Comecei a descobrir que o zen era a minha praia. Eu acho que tudo aquilo que eu tinha aprendido na minha procura por Deus, pelo caminho, por descobrir o que é o ser humano, a mente humana, o que é a vida, de repente, eu descobri que fazendo zazen você chega lá. Você não precisa de nenhuma droga, você não precisa de nada fora de você, apenas do ser humano, e da mente humana, basta treinamento para você acessar. Comecei a perceber que tudo aquilo que havia acontecido na minha vida até então fazia parte da tapeçaria dela. Não há nada para jogar fora, nada para dizer: “Isso foi inadequado”. Sim, tiveram erros e acertos, corrigem-se os erros e assim vou traçando a tapeçaria da vida
Uma monja que prega a cultura de paz
Pedi para ser monja, eles falaram: \"Você nem conhece o Budismo, como é que você vai ser monja?”
Fui ser o que a gente chama de trainee, por três meses nós estudávamos e tínhamos uma prática, como os monges teriam. Cada dia confirmava mais minha certeza, e cada vez ficava mais simples a vida. Eu me desfiz dos cartões de crédito, cortei os cabelos, dei todas as minhas roupas. Esperei três anos, depois de três anos recebi a minha ordenação. Me deram um panfleto, e eu quis ir para um mosteiro no Japão.

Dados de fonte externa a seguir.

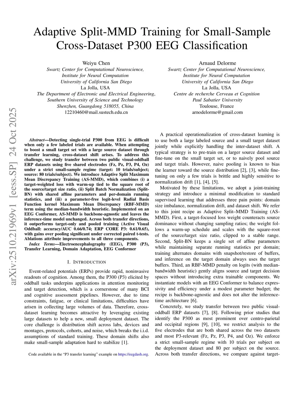 Adaptive Split-MMD Training for Small-Sample Cross-Dataset P300 EEG Classification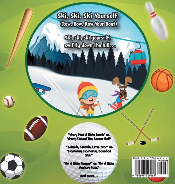 This children's book transforms traditional nursery rhymes into clever sports nursery rhymes with fun illustrations for the entire family to enjoy. You will discover "Twinkle, Twinkle, Little Star" as "Homerun, Homerun, Baseball Star", "Mary Had A Little Lamb" as "Mary Kicked the Soccer Ball", "I'm A Little Teapot as "I'm A Little Hockey Puck" and many more. Homerun, Homerun, Baseball Star (Twinkle, Twinkle, Little Star) Homerun, homerun, baseball star, you hit the ball oh so far. Over the moon in the sky, watch that little baseball fly. Homerun, homerun baseball star, you hit the ball oh so…mehr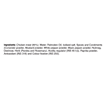 Proprietary Food 8.3.3 Frozen processed comminuted meat Products-Cooked Chicken Meat (65%), Water, Palmolein Oil, Iodized Salt, Spices and Condiments (Coriander Powder, Mustard Powder, White Pepper Powder, Black Pepper Powder, Nutmeg , Dextrose, Herb (Parsley and Rosemary), Acidity Regulator (INS-451(i)), Paprika Powder, Antioxidant (INS-316), Colour Fixative (INS-250). CONTAINS MUSTARD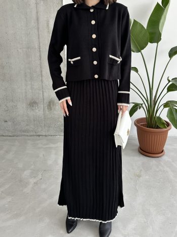 Ribbed Collar Skirt Suit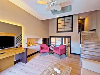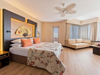 Номера курортного отеля Limak Lara De Luxe Antalya обставлены современной мебелью с элементами турецкого стиля и оборудованы кондиционером. В просторной гостиной зоне установлен телевизор с плоским экраном. В некоторых номерах также имеется гидромассажная ванна и терраса с видом на море. По прибытии гостям предоставляется бесплатная корзина с фруктами в номере.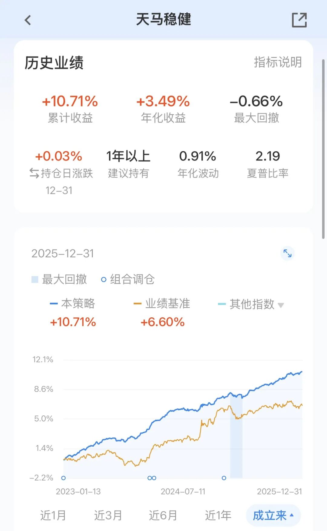 截止2025年12月31日,天马稳健组合累计收益率10.71%。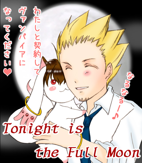 はじめは別ので描く予定だったんですが、ちょうど思いついた頃、ヴァンパイア話書いてたんで、ミラべぇとやたらノリのいいリーバー君になりましたよ(笑)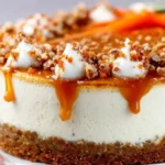 Cutting into this cake reveals a swirl of colors, with the golden-orange carrot cake contrasting against the ivory cheesecake layer, creating a visual feast for the eyes. The first forkful brings an explosion of flavors: the warm spices tickle your senses, while the silky creaminess of the cheesecake melts effortlessly in your mouth. A drizzle of caramel adds an alluring sweetness that lingers, while the subtle crunch from the nuts elevates each bite. This is not just a dessert; it’s an experience that warms your heart and brings smiles to those you share it with.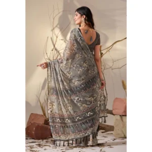 Women’s Faux_Linen Printed Saree With Unstitched Blouse 5.5Mtr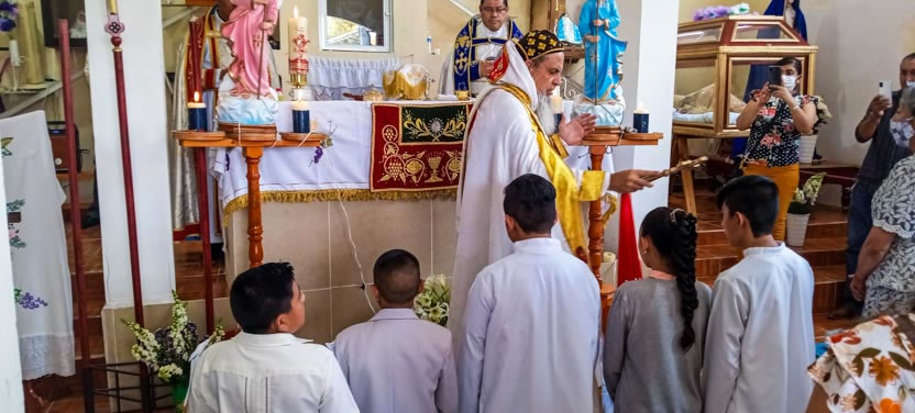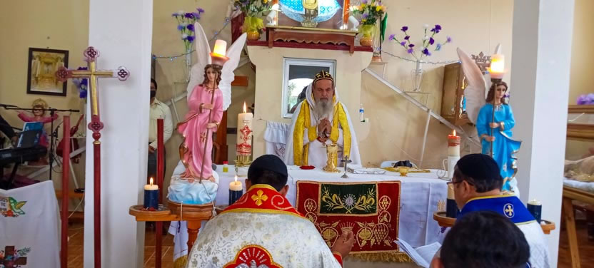 El arzobispo presidió la celebración de la divina liturgia, en el Centro Misionero Santa María de Guadalupe de Santa María Coyotepec, Oaxaca, con la participación de delegados de las comunidades de Oaxaca y concelebraron los padres José Juan y Wilber.
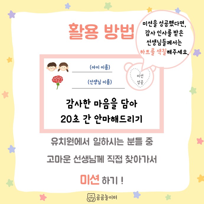 미션 하면서 아이들도 즐거움을 느끼고, 선생님들도 뿌듯하고, 일석 이조겠죠?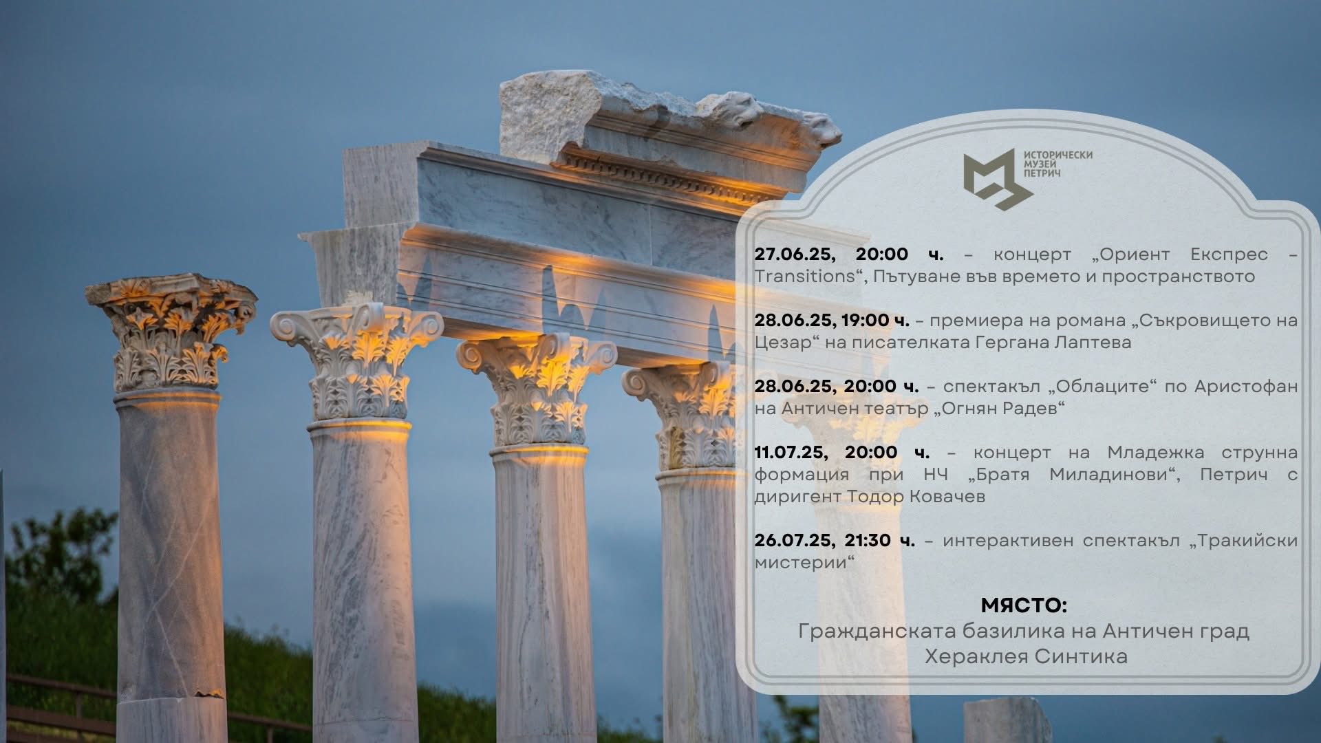 *Събитията са част от дейностите по социализация и популяризиране на Античен град Хераклея Синтика и Исторически музей Петрич и реализирането на проект „Реставрация, консервация, опазване, популяризиране и развитие на археологически обект „Античен град Хераклея Синтика и прилежащи некрополи” съгласно Договор BG16RFOP001-6.002-0016-С01 №РД-02-37-96/07.10.2020г
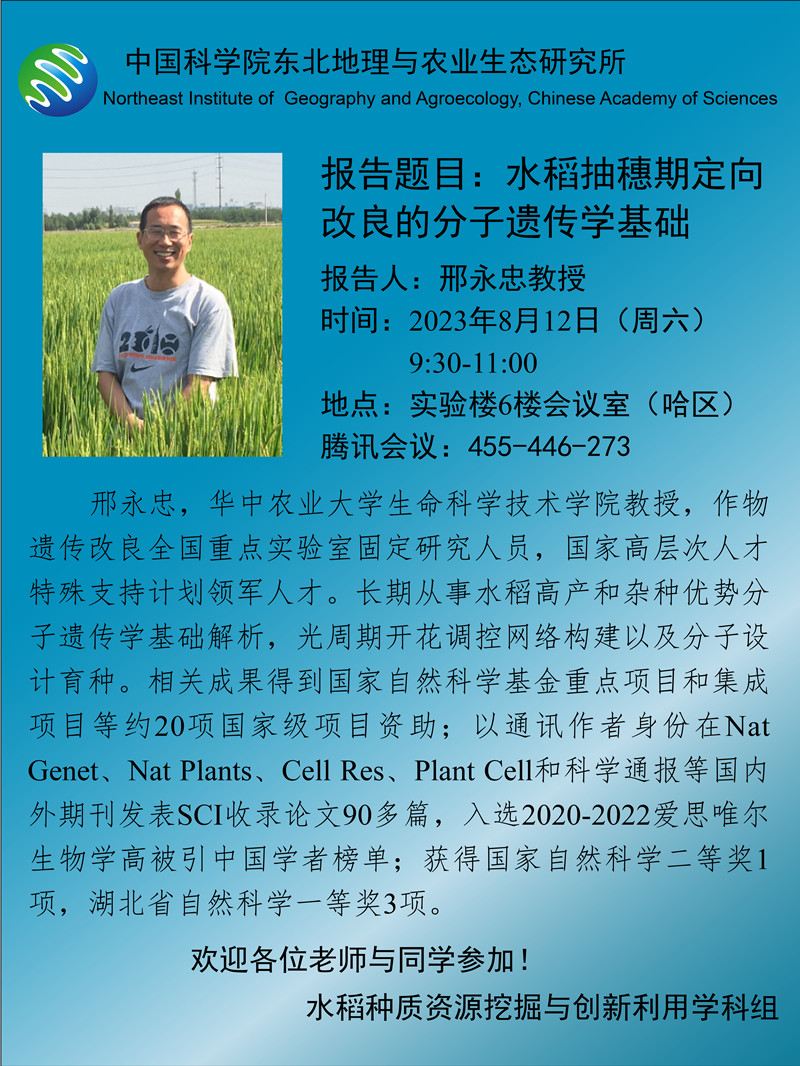 水稻抽穗期定向改良的分子遺傳學(xué)基礎(chǔ)-邢永忠 教授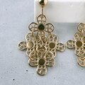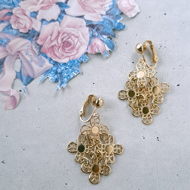 1949年にニューヨークで創業したSarah Coventry(サラコベントリー)の1971年に販売された“Golden Petals”のフラワーの形をしたプレート状のゴールドメタルが繋げられて菱形になったデザインのヴィンテージイヤリングです。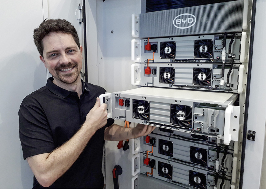 Die Einbindung erfolgt wie bei der Speicherfamilie Battery-Box über die Hybridwechselrichter zertifizierter Partner, etwa Kostal, SMA oder Fronius. Pfiffig: An der Seitenwand des Max-Lite ist eine Fläche zur Montage des Wechselrichters vorgesehen. Die Schnittstellen hält BYD offen, damit die Wechselrichter problemlos mit dem Batteriemanagementsystem kommunizieren können.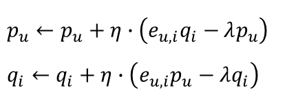 MF에서는 목적함수를 최소화하는 최적화 기법으로 SGD(Stochastic Gradient Descent)를 활용하였다. 파라미터 업데이트를 위해 목적함수를 p와 q로 편미분한다. [그림5]는 MF의 목적함수(L)을 p와 q로 미분하는 과정을 보여준다. 이렇게 편미분으로 도출된 값을 Gradient라고 한다. (자세한 내용은 아래 <더보기>를 참고 바란다.)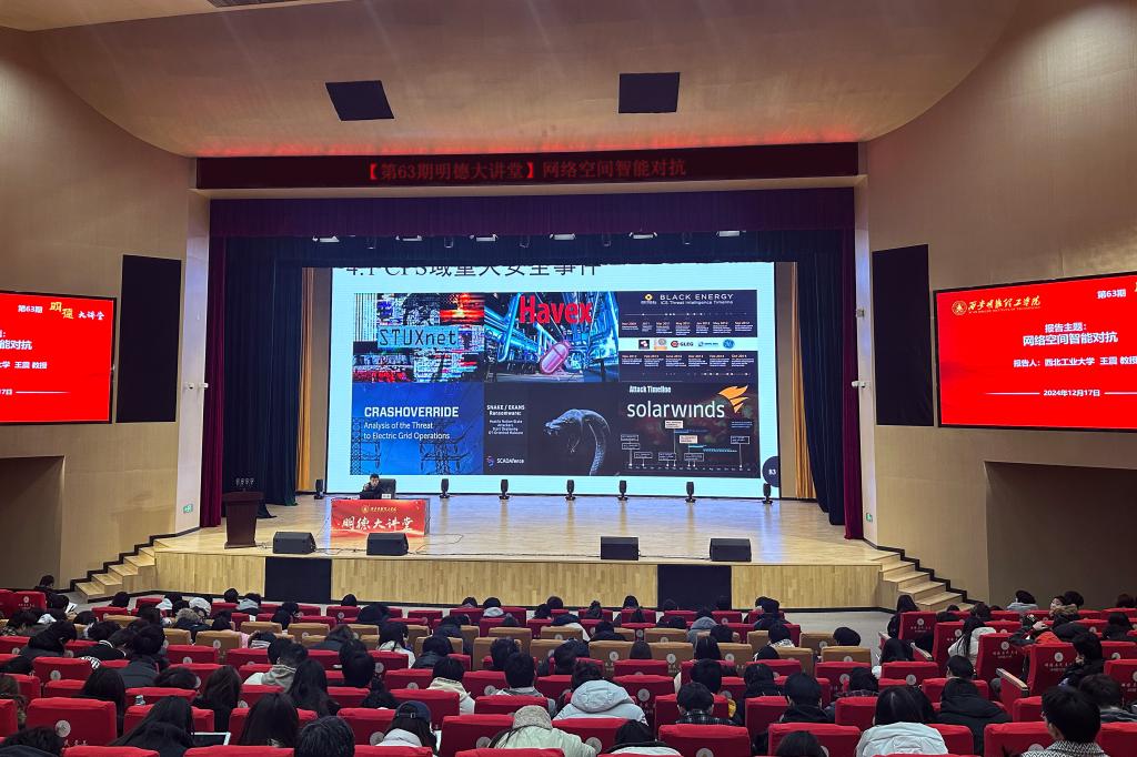 2024年12月17日晚,ac米兰官方网站在四季廊桥报告厅隆重举办了第六十二期“明德大讲堂”全国劳动模范进校园主题讲座。本次讲座聚焦于“AI驱动的网络空间智能对抗”这一主题,特邀西北工业大学网安学院院长、全国劳动模范王震教授作为主讲嘉宾,1100多名师生参加。讲座由马克思主义学院党委书记王君涛主持。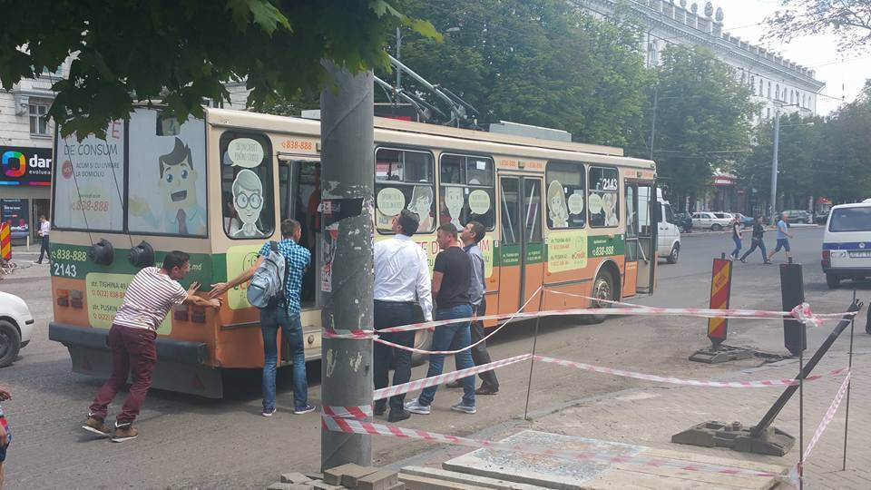 Во время доклада Киртоакэ кишиневцы толкали мимо примэрии троллейбус

Eu era muito presunçosa, achava que já tinha tido minha experiência iluminada, afinal eu tinha tomado tanto ácido, tinha tido tantos encontros espirituais com a verdade, participado de tantos retiros de meditação. Claro que eu estava pronta. Iria falar do coração para o coração das pessoas e não precisava saber falar japonês. Foi aí que me puxaram o tapete. Foi dificílimo, sofrido, nos dois primeiros anos eu não entendia o que falavam, era enlouquecedor.Acordar cedo é fácil, manter uma rotina de acordar, trabalhar e meditar, isso não era difícil. Difícil era o relacionamento humano. Vivendo no Japão por oito anos internada em um mosteiro,a gente só saia para pedir esmolas, tudo começou a fazer sentido. A menina que declamava a poesia social, a jornalista que tinha uma preocupação com as mudanças sociais, que foi fazer uma revolução meio de LSD, tudo isso foi se encaixando no que hoje eu sou. Uma monja que prega uma cultura de paz.
Eu não quero que todos se tornem budistas, isso não é essencial para mim. Quero pensar como é que nós podemos criar juntos uma cultura de não violência ativa? E não violência não é só de seres humanos com seres humanos, é com a natureza, tudo o que existe é o nosso corpo. A Terra não é a nossa casa, é o nosso corpo. Nós não vivemos em partes do nosso corpo, não vivemos sem as plantas, ou a água pura, sem o céu puro e o ar puro. Precisamos de tudo o que existe e temos que cuidar disso. Não sabíamos disso, eu não sabia disso. E agora que nós sabemos, nós precisamos fazer alguma coisa a respeito. É isso que eu vivo agora.